Some of the tracks are a bit more unsettling and maybe a little scary. Such as “Creeping Charlie”. “With “Creeping Charlie”, much of that track is made in the kitchen I had with Robin, my OCA roommate, on Bloor Street. We had seen performance art and I thought ‘ok, here is a bench here, and I don’t know why I did it, but I did over a rock, over a bush until I was out of breath.’ So that sound sat around since 1982 and I went ‘ok, this is the voice of Creeping Charlie.’ We don’t know what he is doing, but he is doing something weird. It sounded like something that should happen at nighttime, so I added nighttime type sounds. The drum pattern you hear at the end, that is from the same era and same room. There is something about that kitchen that had great acoustics. I did a lot of little recordings in that kitchen. Then “Creeping Charlie” had a life of its own. He is creeping through this weird nocturnal landscape. You hear things rustling and inexplicable noises coming out of places. Is this happening in his head? Is he on his way to axe murder somebody? I don’t know. A lot of these things are open to individual interpretation. I don’t even know what it is about, but I like the feeling.”
The most conventional song on the album, “Love Lies Bleeding” closes the album, and started as a poem or lyric many years ago. “The bed tracks for that have existed since the late 1980s or early 1990s. I had that for a long time, and I remember playing it for a friend in a car, and he said, ‘that makes me cry’. Even then, with minimal tracking, I knew I had something. Looking into all this material I had, I thought this is “Love Lies Bleeding”. It is a feeling of contemplative sadness to it. And of course, the ‘Honey Bee’ could be someone you lost, or it could refer to the bees which are being devastated worldwide. It seemed that it was the way to end the album. I did spend a lot of time trying to get the order of the pieces right. It was the most song-like track on the album, and it seemed like an ending. The song itself seemed like an ending, but it was also an ending to the album.”
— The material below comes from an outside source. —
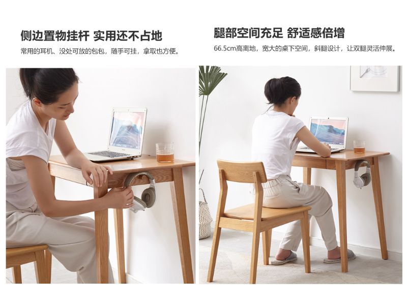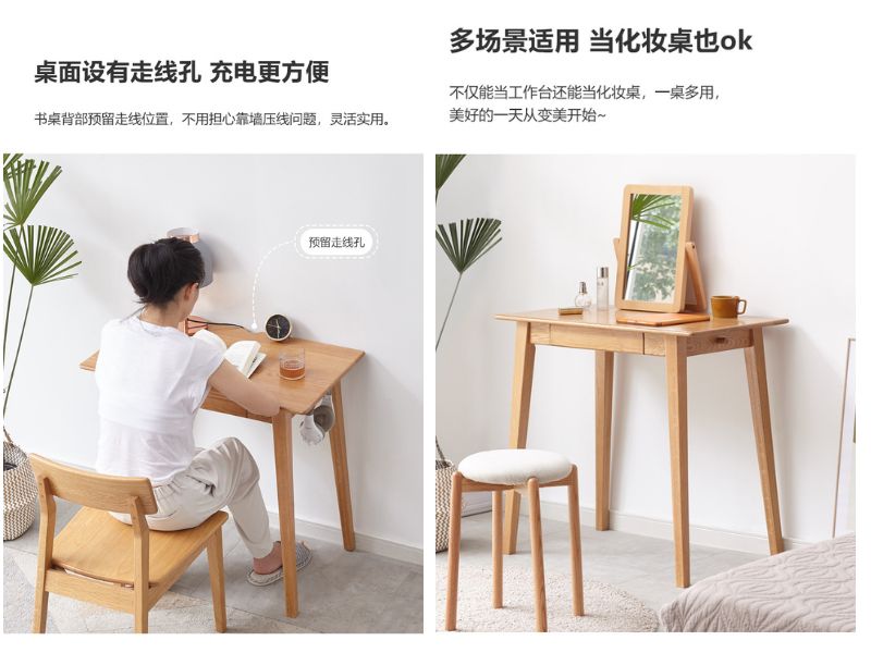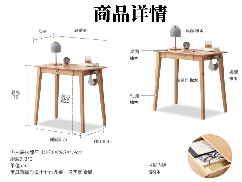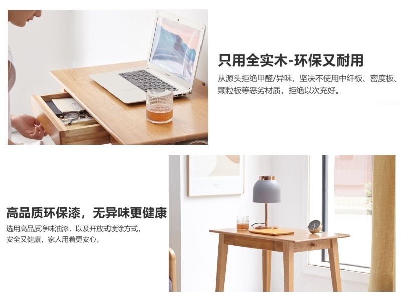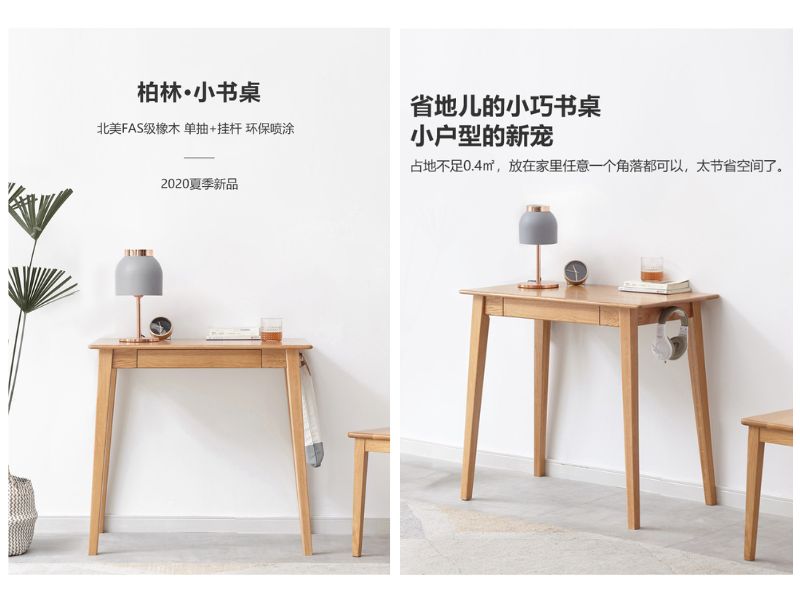 实木书桌小尺寸橡木原木色办公桌家用写字桌小户型桌子

In the end, Gane has created a very unique and brilliant album, an album that needs one’s attention or rather time. “First of all, I am asking people to listen to it in its entirety, lying down, in the dark, ideally with headphones. Everybody is inundated with too much stimulation, so I am trying to make a small attempt to bring people into this world I created. I know it is a hard ask. But I know there are people out there that will do this, and every type of music attracts its own audience, no matter how small or obscure. So that is the first thing, I am asking people to bring themselves into this reduced environment, so they can experience this sound collage in its entirety.
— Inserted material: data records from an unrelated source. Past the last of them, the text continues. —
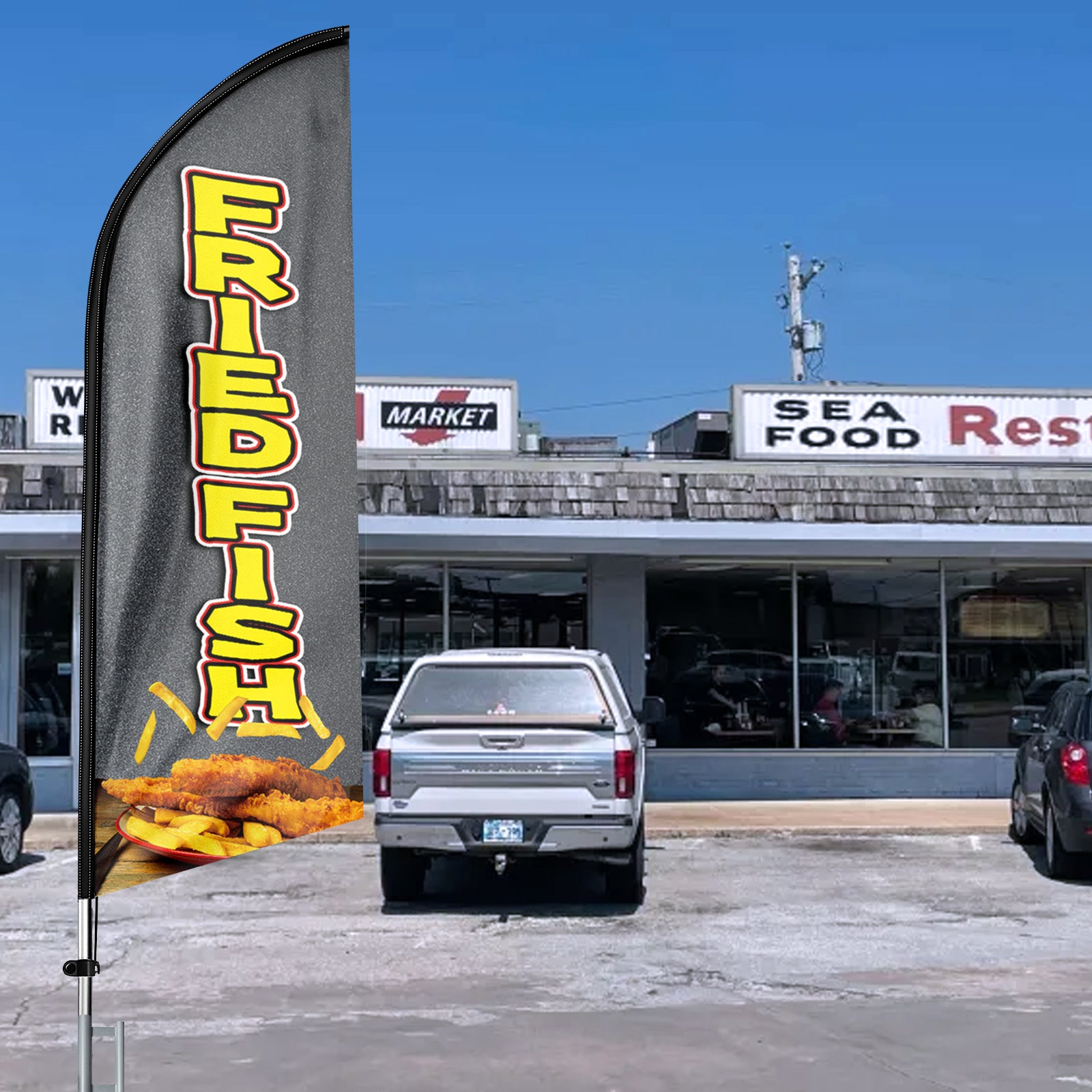 🏠 【Excellent Advertisement Tool】** The size of our Fried Fish feather flags is impressive, standing at 11ft tall and 2.4ft wide, making them visible from far away. Placing these feather banners in front of your business, at the entrance, or on the sidewalk will bring in new customers, ensuring the continued prosperity of your business.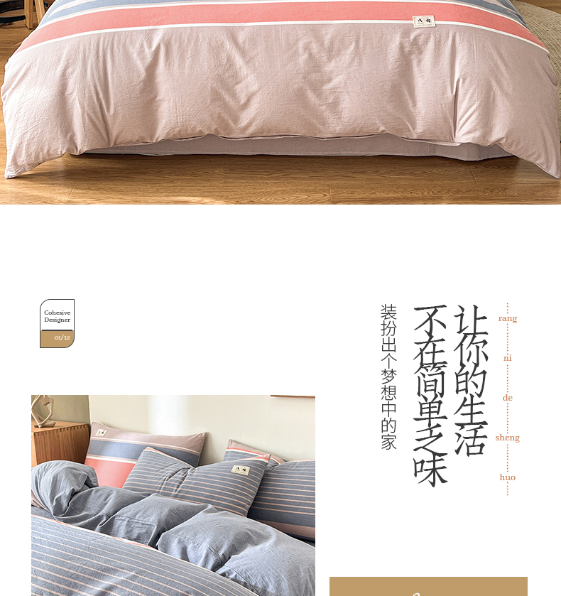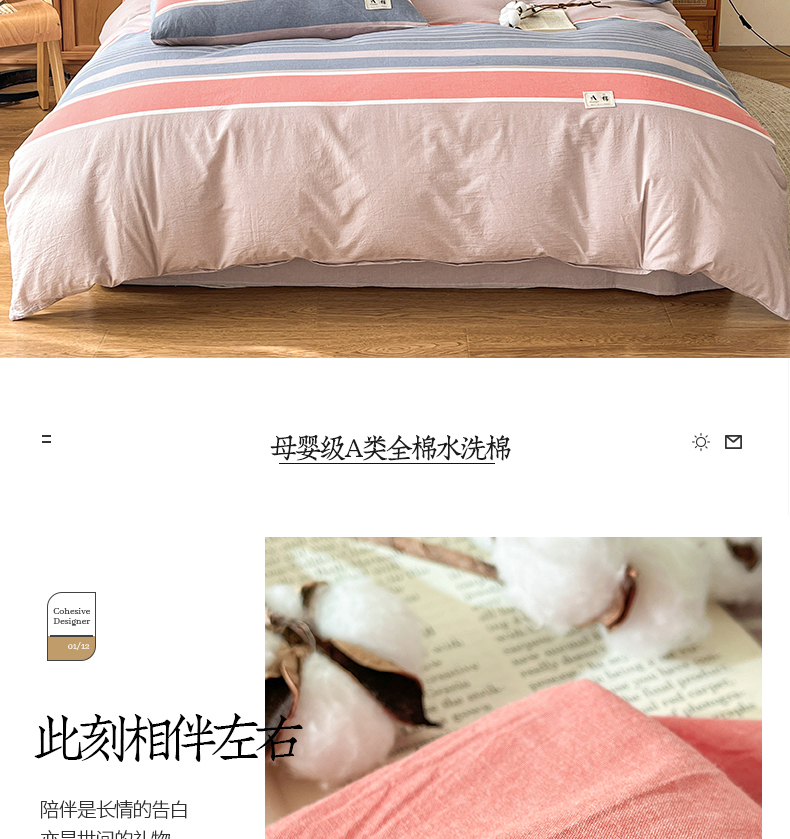 • 91家纺网 家纺一手货源 找家纺 21度C 2025新款A类全棉母婴级四件套单品系列-单被套 莱卡条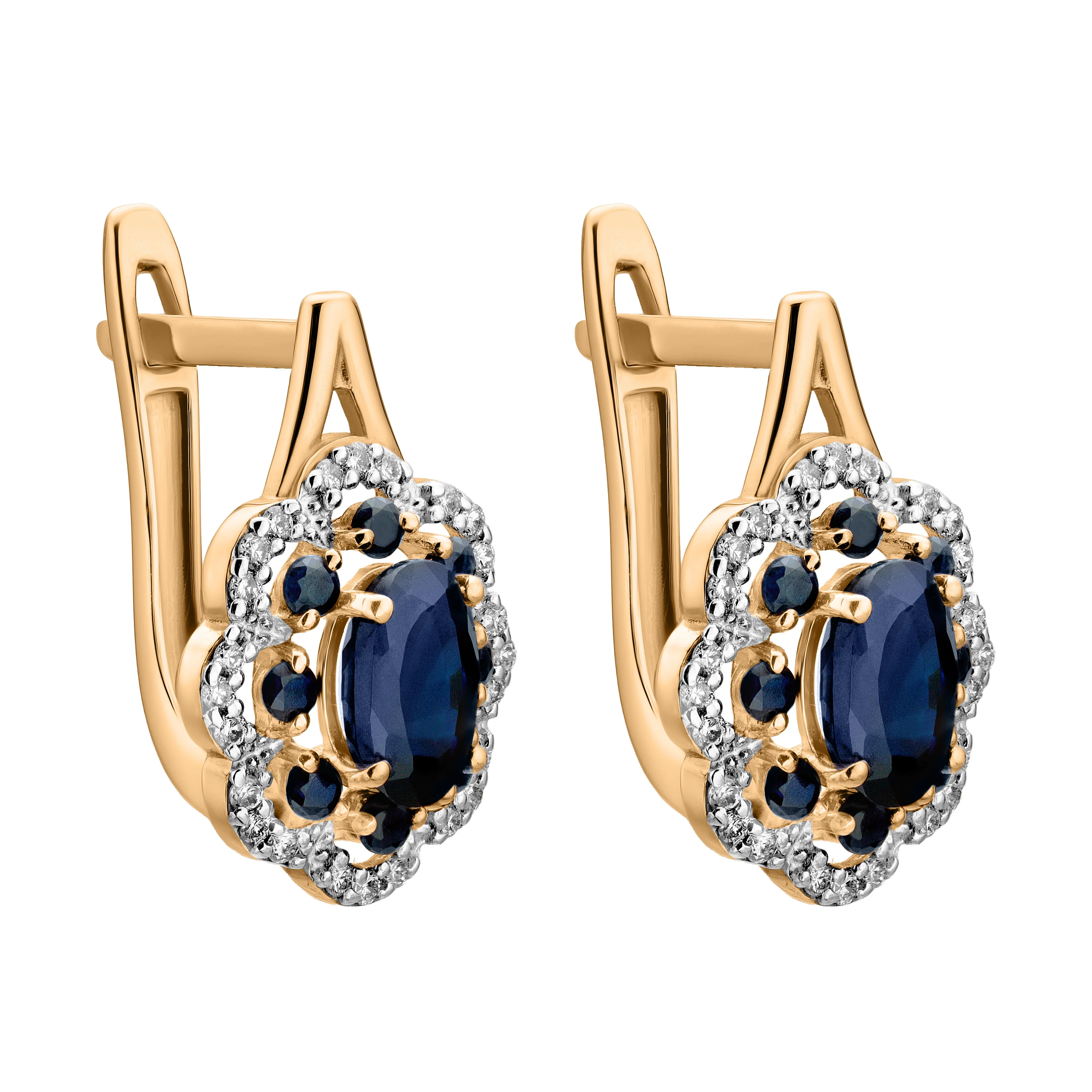 Сережки "Цветок" в красном золоте с бриллиантами и сапфиром - 1871707

“What do they take away with it? I have had some people say it is a difficult listen. I don’t mind that. I have had people fall asleep when I play it for them, I don’t mind that. I don’t mind if they don’t like it. I didn’t do it for other people’s approval, I did it for me. Rick Rubin talks a lot about this, you got to do it for yourself. If people feel something, they will be drawn into it. I have had great comments from people that it really resonated with them. It’s never going to be in the top 40, but it was never intended to be. I say that with tongue in cheek. The encouraging thing is that the strong feedback I have received makes me want to do a Garden Music 2 or get on my next solo album that has been sitting around for 20 years.”